Exercise aim: Could you output each line below exactly as it appears, excluding any pictures?

───── Data excerpts

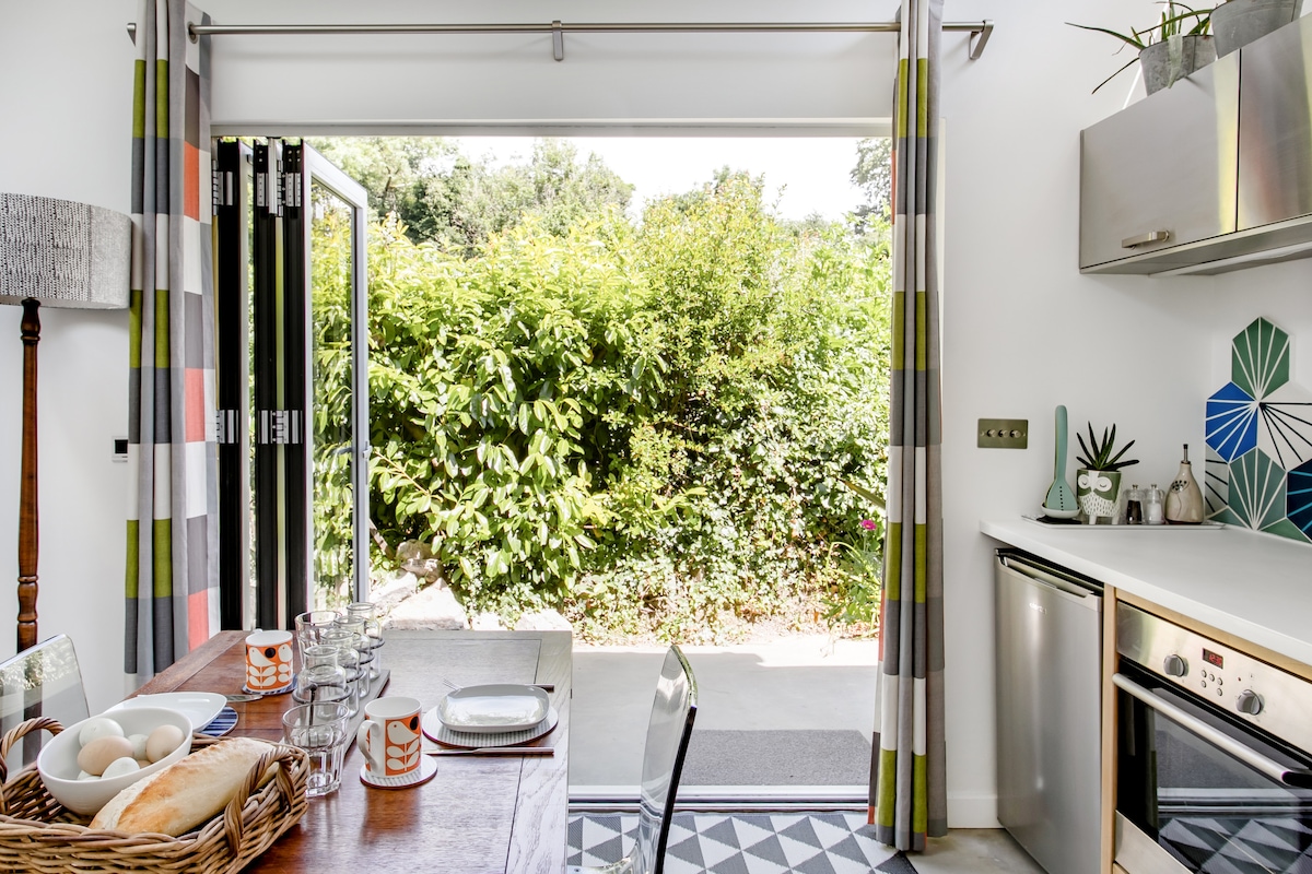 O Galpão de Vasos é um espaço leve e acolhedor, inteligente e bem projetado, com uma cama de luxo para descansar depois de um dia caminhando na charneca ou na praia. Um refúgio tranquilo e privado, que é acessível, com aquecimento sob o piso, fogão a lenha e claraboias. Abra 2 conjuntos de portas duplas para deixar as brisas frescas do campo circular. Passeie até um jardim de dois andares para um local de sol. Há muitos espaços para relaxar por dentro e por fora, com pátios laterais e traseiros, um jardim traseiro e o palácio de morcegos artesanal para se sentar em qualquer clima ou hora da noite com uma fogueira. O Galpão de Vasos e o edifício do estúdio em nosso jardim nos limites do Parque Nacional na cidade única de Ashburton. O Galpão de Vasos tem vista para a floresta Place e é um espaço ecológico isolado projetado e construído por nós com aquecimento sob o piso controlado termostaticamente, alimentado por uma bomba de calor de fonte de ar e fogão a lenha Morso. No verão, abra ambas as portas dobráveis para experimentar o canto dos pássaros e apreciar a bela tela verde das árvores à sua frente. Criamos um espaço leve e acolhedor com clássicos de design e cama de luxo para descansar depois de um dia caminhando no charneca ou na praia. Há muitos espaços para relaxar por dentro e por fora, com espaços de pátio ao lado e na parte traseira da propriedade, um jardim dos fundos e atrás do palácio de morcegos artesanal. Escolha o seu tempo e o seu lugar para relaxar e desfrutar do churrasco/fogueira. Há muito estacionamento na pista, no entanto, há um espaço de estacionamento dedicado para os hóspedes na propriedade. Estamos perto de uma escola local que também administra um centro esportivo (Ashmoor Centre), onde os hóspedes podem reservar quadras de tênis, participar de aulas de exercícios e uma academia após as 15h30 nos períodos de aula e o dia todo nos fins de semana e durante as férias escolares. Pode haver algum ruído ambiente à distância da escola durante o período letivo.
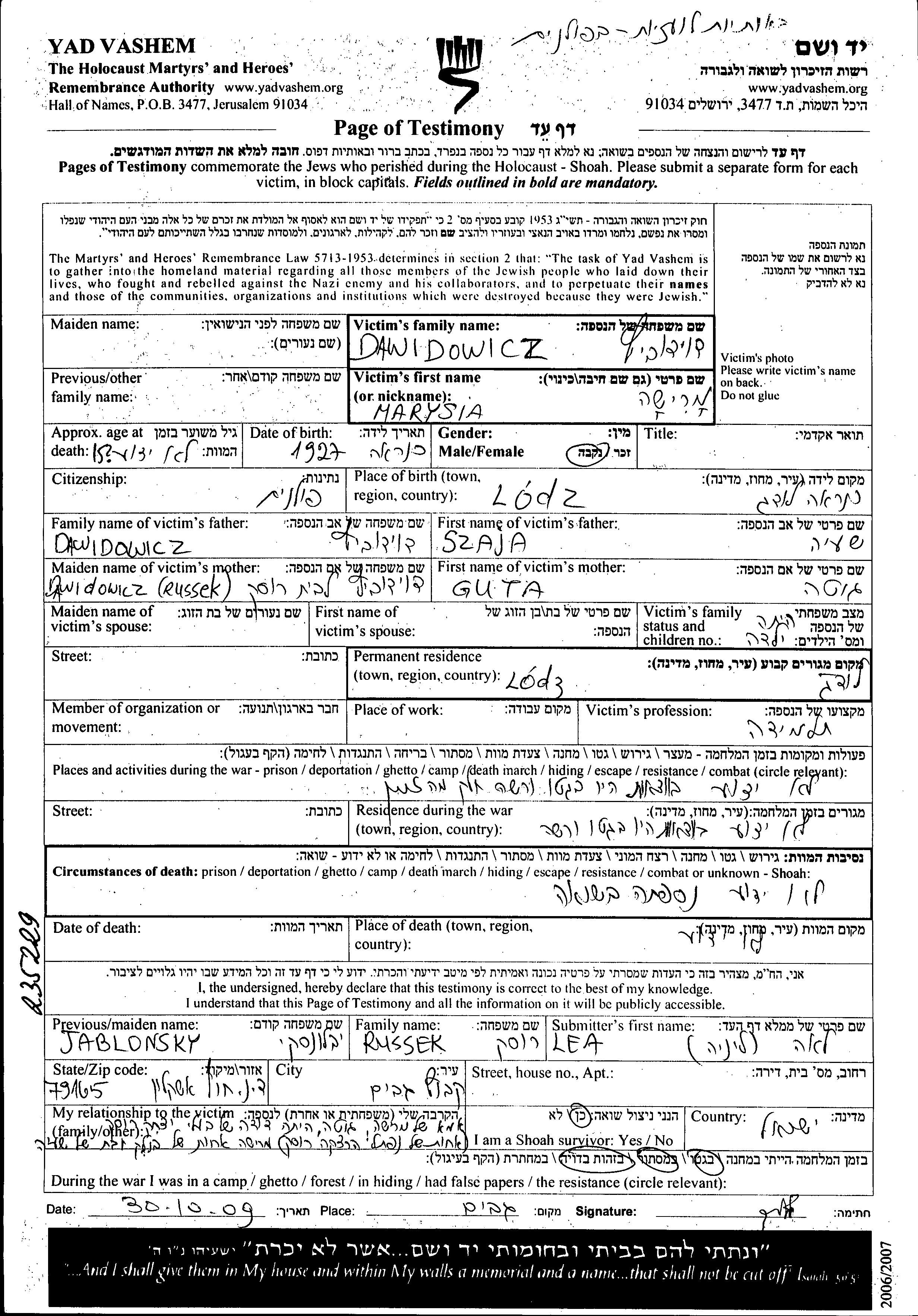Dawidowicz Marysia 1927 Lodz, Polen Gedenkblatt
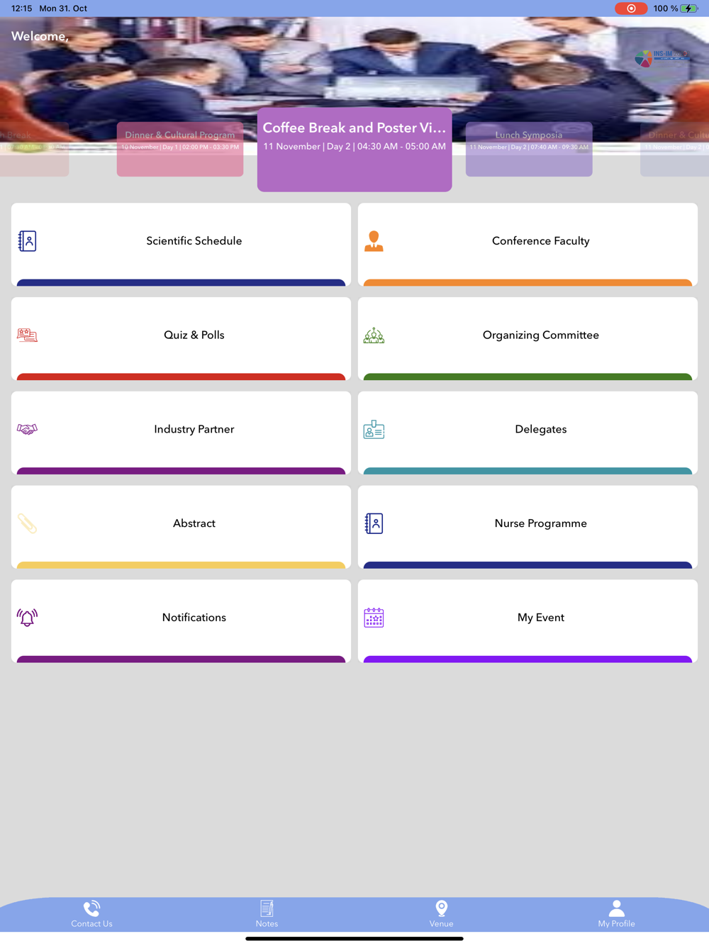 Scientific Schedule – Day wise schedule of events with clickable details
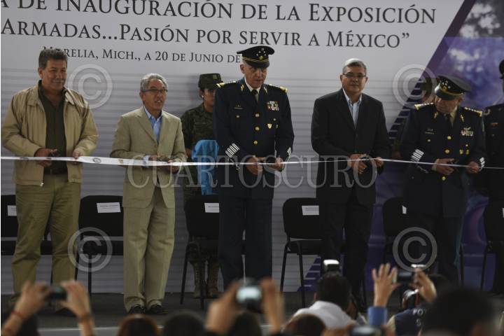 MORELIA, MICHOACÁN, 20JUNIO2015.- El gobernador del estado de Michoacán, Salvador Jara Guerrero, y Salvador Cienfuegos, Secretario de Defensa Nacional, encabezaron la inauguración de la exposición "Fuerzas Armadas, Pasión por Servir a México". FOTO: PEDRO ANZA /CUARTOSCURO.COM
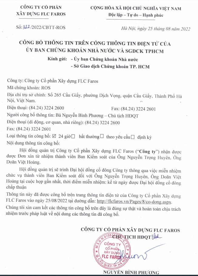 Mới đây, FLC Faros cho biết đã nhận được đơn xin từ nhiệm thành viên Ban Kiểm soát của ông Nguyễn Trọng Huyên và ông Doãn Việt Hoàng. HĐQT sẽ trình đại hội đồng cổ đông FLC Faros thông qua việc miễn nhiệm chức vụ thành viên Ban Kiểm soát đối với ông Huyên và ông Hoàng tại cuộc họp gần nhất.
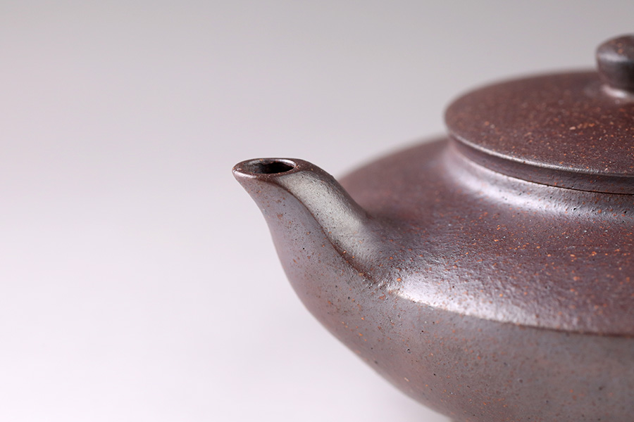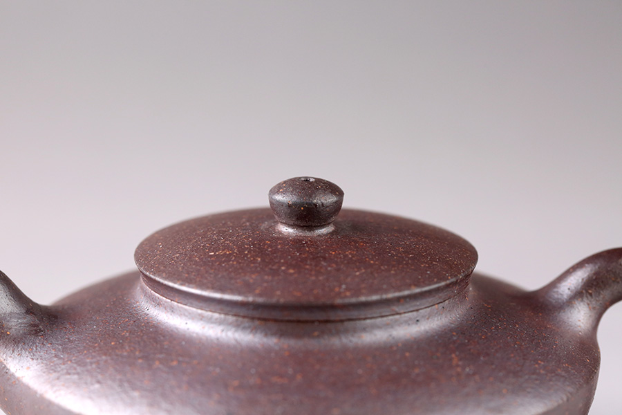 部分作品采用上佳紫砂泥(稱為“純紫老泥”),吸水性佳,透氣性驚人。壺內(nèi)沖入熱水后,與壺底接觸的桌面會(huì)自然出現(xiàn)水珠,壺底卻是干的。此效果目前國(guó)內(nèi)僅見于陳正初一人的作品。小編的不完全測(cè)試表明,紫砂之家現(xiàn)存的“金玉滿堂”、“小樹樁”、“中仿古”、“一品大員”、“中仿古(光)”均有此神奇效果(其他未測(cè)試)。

──────────

Answer to this problem:
 O Galpão de Vasos é um espaço leve e acolhedor, inteligente e bem projetado, com uma cama de luxo para descansar depois de um dia caminhando na charneca ou na praia. Um refúgio tranquilo e privado, que é acessível, com aquecimento sob o piso, fogão a lenha e claraboias. Abra 2 conjuntos de portas duplas para deixar as brisas frescas do campo circular. Passeie até um jardim de dois andares para um local de sol. Há muitos espaços para relaxar por dentro e por fora, com pátios laterais e traseiros, um jardim traseiro e o palácio de morcegos artesanal para se sentar em qualquer clima ou hora da noite com uma fogueira. O Galpão de Vasos e o edifício do estúdio em nosso jardim nos limites do Parque Nacional na cidade única de Ashburton. O Galpão de Vasos tem vista para a floresta Place e é um espaço ecológico isolado projetado e construído por nós com aquecimento sob o piso controlado termostaticamente, alimentado por uma bomba de calor de fonte de ar e fogão a lenha Morso. No verão, abra ambas as portas dobráveis para experimentar o canto dos pássaros e apreciar a bela tela verde das árvores à sua frente. Criamos um espaço leve e acolhedor com clássicos de design e cama de luxo para descansar depois de um dia caminhando no charneca ou na praia. Há muitos espaços para relaxar por dentro e por fora, com espaços de pátio ao lado e na parte traseira da propriedade, um jardim dos fundos e atrás do palácio de morcegos artesanal. Escolha o seu tempo e o seu lugar para relaxar e desfrutar do churrasco/fogueira. Há muito estacionamento na pista, no entanto, há um espaço de estacionamento dedicado para os hóspedes na propriedade. Estamos perto de uma escola local que também administra um centro esportivo (Ashmoor Centre), onde os hóspedes podem reservar quadras de tênis, participar de aulas de exercícios e uma academia após as 15h30 nos períodos de aula e o dia todo nos fins de semana e durante as férias escolares. Pode haver algum ruído ambiente à distância da escola durante o período letivo.
Dawidowicz Marysia 1927 Lodz, Polen Gedenkblatt
 Scientific Schedule – Day wise schedule of events with clickable details
 MORELIA, MICHOACÁN, 20JUNIO2015.- El gobernador del estado de Michoacán, Salvador Jara Guerrero, y Salvador Cienfuegos, Secretario de Defensa Nacional, encabezaron la inauguración de la exposición "Fuerzas Armadas, Pasión por Servir a México". FOTO: PEDRO ANZA /CUARTOSCURO.COM
 Mới đây, FLC Faros cho biết đã nhận được đơn xin từ nhiệm thành viên Ban Kiểm soát của ông Nguyễn Trọng Huyên và ông Doãn Việt Hoàng. HĐQT sẽ trình đại hội đồng cổ đông FLC Faros thông qua việc miễn nhiệm chức vụ thành viên Ban Kiểm soát đối với ông Huyên và ông Hoàng tại cuộc họp gần nhất.
 部分作品采用上佳紫砂泥(稱為“純紫老泥”),吸水性佳,透氣性驚人。壺內(nèi)沖入熱水后,與壺底接觸的桌面會(huì)自然出現(xiàn)水珠,壺底卻是干的。此效果目前國(guó)內(nèi)僅見于陳正初一人的作品。小編的不完全測(cè)試表明,紫砂之家現(xiàn)存的“金玉滿堂”、“小樹樁”、“中仿古”、“一品大員”、“中仿古(光)”均有此神奇效果(其他未測(cè)試)。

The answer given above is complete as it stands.